Worldwide trends point to more local services, supported by new, miniaturised technology both for diagnosis and treatment:

‘Among the new technologies, better drugs stand out. There will be many more new entities, facilitated by research stemming from the human genome and advanced computer techniques… Drugs will be targeted more efficiently and treatments individualised; two individuals with the same disease, of the same severity, may soon be treated differently… What will these treatment treat? Three trends stand out. First the rising numbers of patients with chronic disease, such as asthma, dementia, depression, diabetes, hyperlipidaemia and hypertension, which demands long-term care and advice over years. These six diseases will increasingly dominate the health scene. Second, the ageing population will place new emphasis on care of the elderly… Third the rise of diseases like depression, which is already the commonest disease in some general practices.’

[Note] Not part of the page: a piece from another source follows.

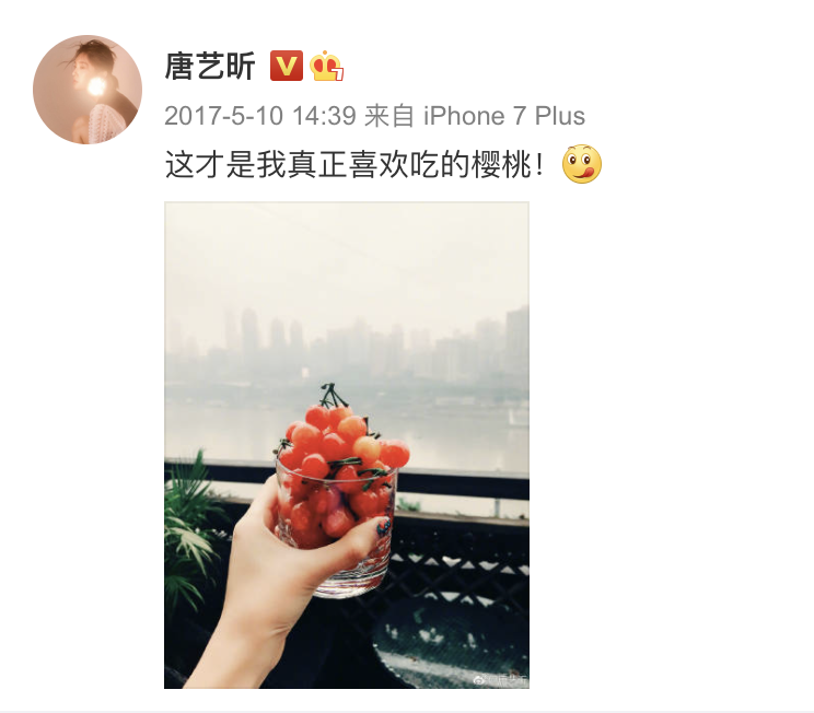 圖源唐藝昕微博

Sir Denis also suggested that the proportion of healthcare expenditure in primary care will rise from about a quarter to a third.

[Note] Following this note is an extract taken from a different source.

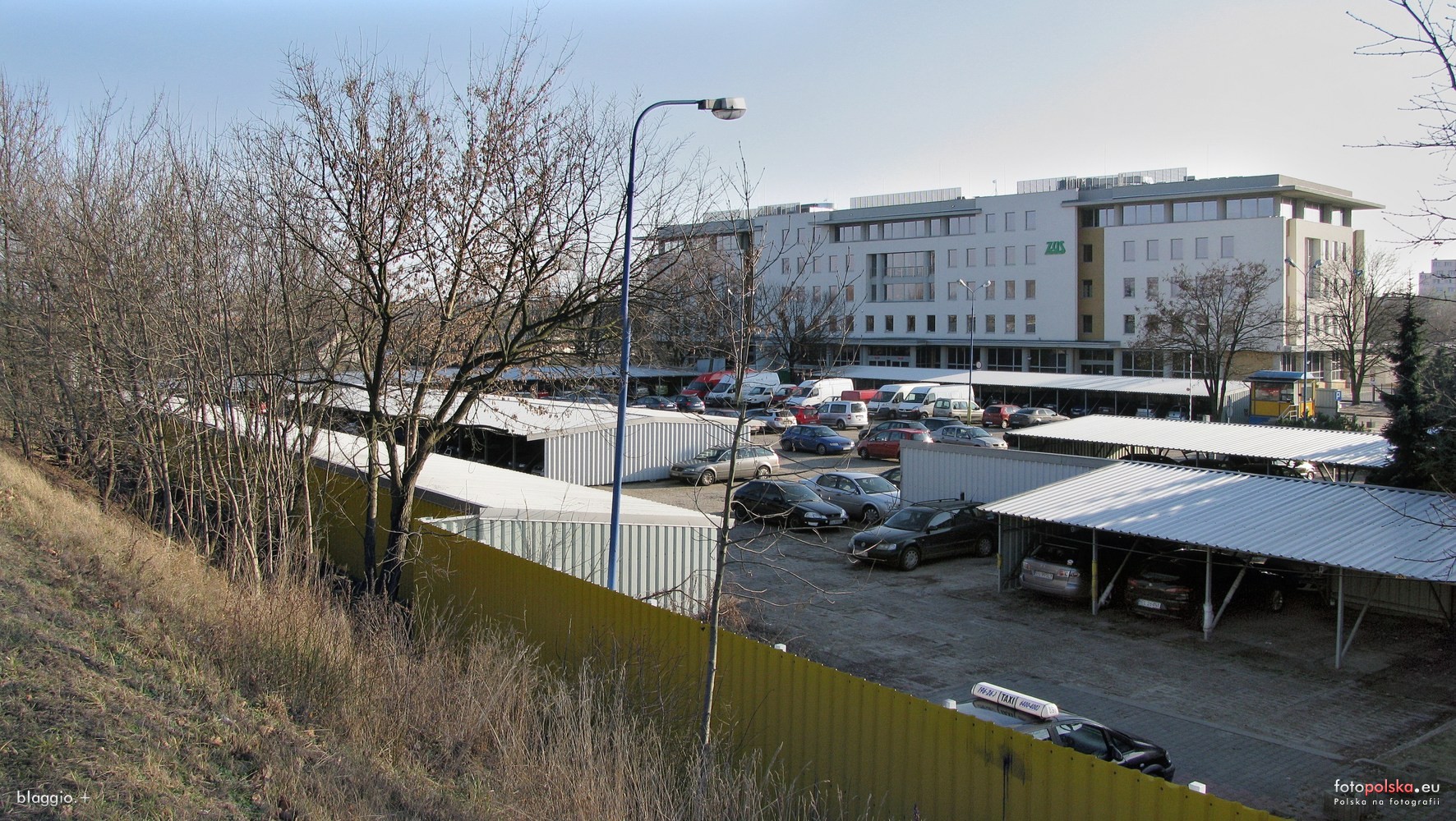 7 lutego 2016 , Wschodnia część terenu pod adresem Aleksandrowska 2/8 należącego do Polskiego Związku Motorowego, na której usytuowany jest parking strzeżony - widok z nasypu wiaduktu na ul. Aleksandrowskiej. W głębi widać nowy biurowiec ZUS przy ul. Lipiec Reymontowskich.

Note that GPs are becoming more distanced from their patients, compromising continuity of care, a YouGov opinion poll has suggested. (See Wellard’s NHS news, August 2004.) They found patients felt changes in GPs' work, like opting out of 24-hour duties, have lowered standards of care with many patients uneasy about the changes that have come about under the new GP contract. The poll of 2,424 patients was carried out for the Daily Telegraph. Patients in group practices were far unhappier with standards of care than those with their own GP, particularly those living in cities like London, Birmingham and Glasgow. And a York University survey of some 100 consultations found that patients preferred to talk to nurses. Nurses were open to discuss anything with patients and patients felt on a level with nurses. In contrast patients were still in awe of doctors and failed to tell them very much at all! Patients see doctors as people to listen to and gain guidance from rather than have a conversation with.

The NHS Alliance has said that figures produced by the Department on GP numbers continue to be misleading since most are part-timers. They also say that consultant numbers (full-time) on the other hand have grown by 4,000. The Alliance further says that more and more care is being shifted out of hospitals and all of this focus on the acute sector is rather short-sighted. ‘In fact, hospital death rates are more closely related to the number of GPs in the area than to the number of doctors in the hospital. Failing to recruit GPs means that people will die unnecessarily because they do not get the treatment they need early enough’, says NHS Alliance chairman Dr Michael Dixon.